After the 2011 season, head coach Raheem Morris was fired and replaced by former Rutgers head coach Greg Schiano. The Buccaneers also added new weapons for Freeman, signing former Indianapolis Colts tight end Dallas Clark, Pro Bowl wide receiver Vincent Jackson, and upgrading the offensive line with All-Pro left guard Carl Nicks. Freeman steadily improved in 2012, throwing 11 more touchdowns, 5 fewer interceptions, and 500 more passing yards compared to the 2011 season.

The Buccaneers started the 2013 season with a surprising 18-17 loss to the New York Jets after leading by a score of 14-5 at the half. Freeman completed 15 of 31 passes (48.4%) and threw for 1 touchdown and 1 interception.[9] After a poor performance in a week 3 loss to the New England Patriots, Freeman was benched in favor of rookie quarterback Mike Glennon. The Buccaneers began the season with a disappointing 0-3 record, and Freeman was completing 46% of his passes with a near league bottom 59.3 rating (30th). Trouble was already brewing coming into this season. Freeman missed the team photo and his teammates did not select him as a team captain for the first time since his rookie campaign.[10] He was released by the team on October 3, 2013 after the team tried unsuccessfully to trade him.[11]

Minnesota Vikings

On October 6, 2013, Freeman signed with the Minnesota Vikings.[12] He would begin to compete for the starting job with incumbent Christian Ponder and Matt Cassel. He changed his number to 12 after swapping with punter Jeff Locke, as Freeman had worn the number in high school.[13] On October 16, 2013, he had been named starting quarterback for the week 7 game against the New York Giants and for all future games.[14] However, his start for the Vikings did not go well; Freeman completed only 20 of 53 passes and threw for only 190 yards and one interception.

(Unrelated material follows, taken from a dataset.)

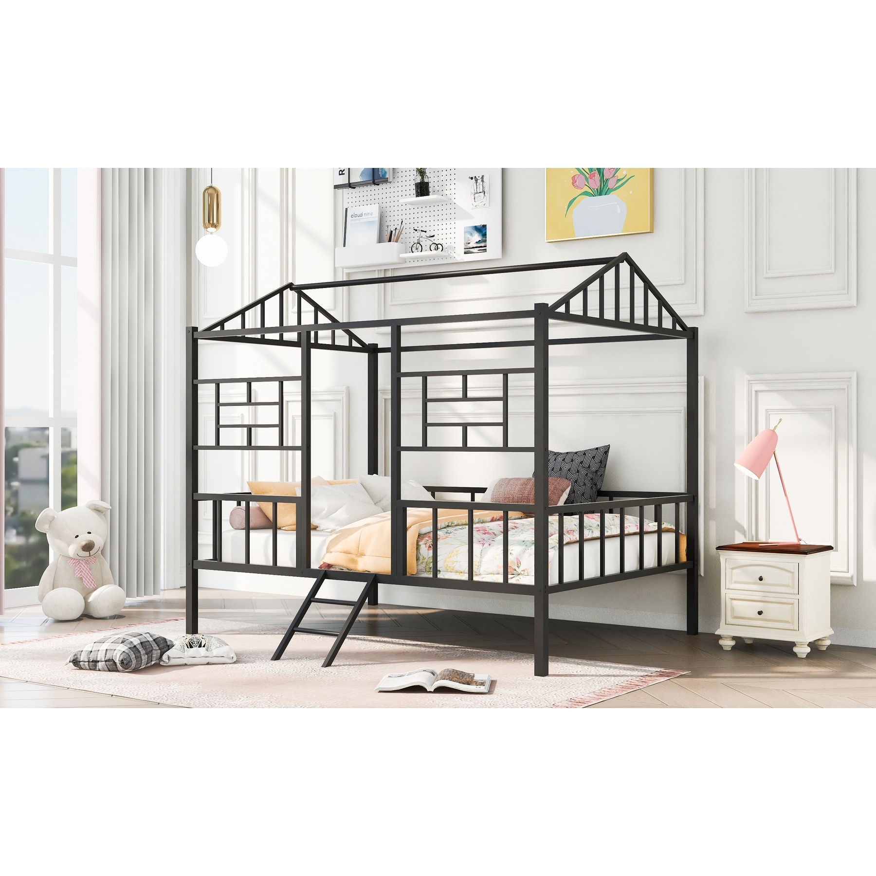 Twin over Twin Bunk Bed Metal Frame Creativity House Bed with Built-In Ladder, Full-Length Guardrail Top Bunk for Kids Teens
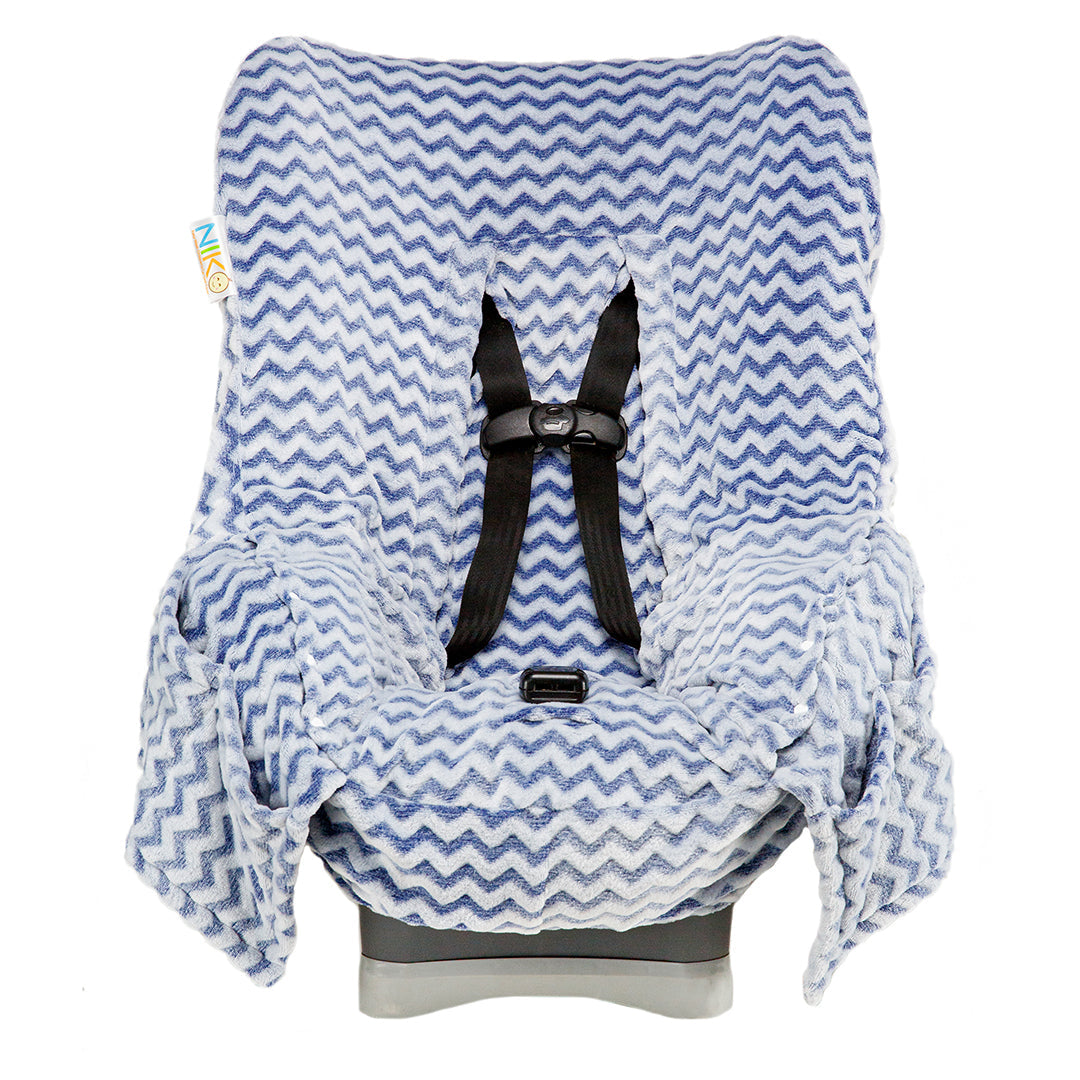 NIKO Easy Wash Children's Car Seat Cover in Blue Chevron Plush

The Vikings ended up losing to the Giants 23-7, their only score being a punt return by Marcus Sherels. He was originally planned to start against the Green Bay Packers. However, he was having concussion-like symptoms during and following the game against the Giants and was therefore benched in favor of Ponder.[15] Freeman would finish the rest of the season as the third-string quarterback behind Ponder and Cassel.

New York Giants

On April 16, 2014, Freeman was rumored to have signed a one-year deal with the New York Giants. The deal was not officially signed until April 21, 2014, when Freeman attended the Quest Diagnostics Training Center to sign the contract and participate.[16] On May 30, 2014, Freeman was released by the Giants.[17]

Miami Dolphins

On April 2, 2015, Freeman signed a one-year deal with the Miami Dolphins[18] On July 24, 2015, Freeman was released, but re-signed with the team four days later.[19] He was released by the Dolphins on September 4, 2015.[20]

Brooklyn Bolts

On September 22, 2015, Freeman signed to play with the Brooklyn Bolts in the FXFL.[21] In his first game with the Bolts, which took place during typhoons created by the oncoming Hurricane Joaquin, Freeman fumbled 5 times in the wet conditions, losing three of them, and threw an interception.[22]

Indianapolis Colts

On December 29, 2015, Freeman signed with the Indianapolis Colts. He started the final game of the regular season against the Tennessee Titans on January 3, 2016.[23] Freeman split time with fellow recent signee Ryan Lindley and went 15/28 for 149 yards, one touchdown and one interception, as well as 8 rushes for 24 yards. The Colts won the game by a score of 30–24. He was released on March 7, 2016.[24]

Canadian Football League

Freeman attended minicamp in Florida with the Calgary Stampeders from April 29, 2017, to May 1, 2017.[25] In May 2017, he attended an open tryout camp for the Montreal Alouettes in Dallas. On June 13, 2017, Freeman had a workout with the Alouettes at Bishop's University. The Alouettes' general manager, Kavis Reed, said that "Josh had a very good workout. He showed tremendous arm strength, an excellent touch on the deep balls, and excellent footwork."[26] On January 9, 2018, the Alouettes added Freeman to their negotiation list.[27] On January 12, 2018, the day before his 30th birthday, he signed a two-year contract with the Alouettes.[28]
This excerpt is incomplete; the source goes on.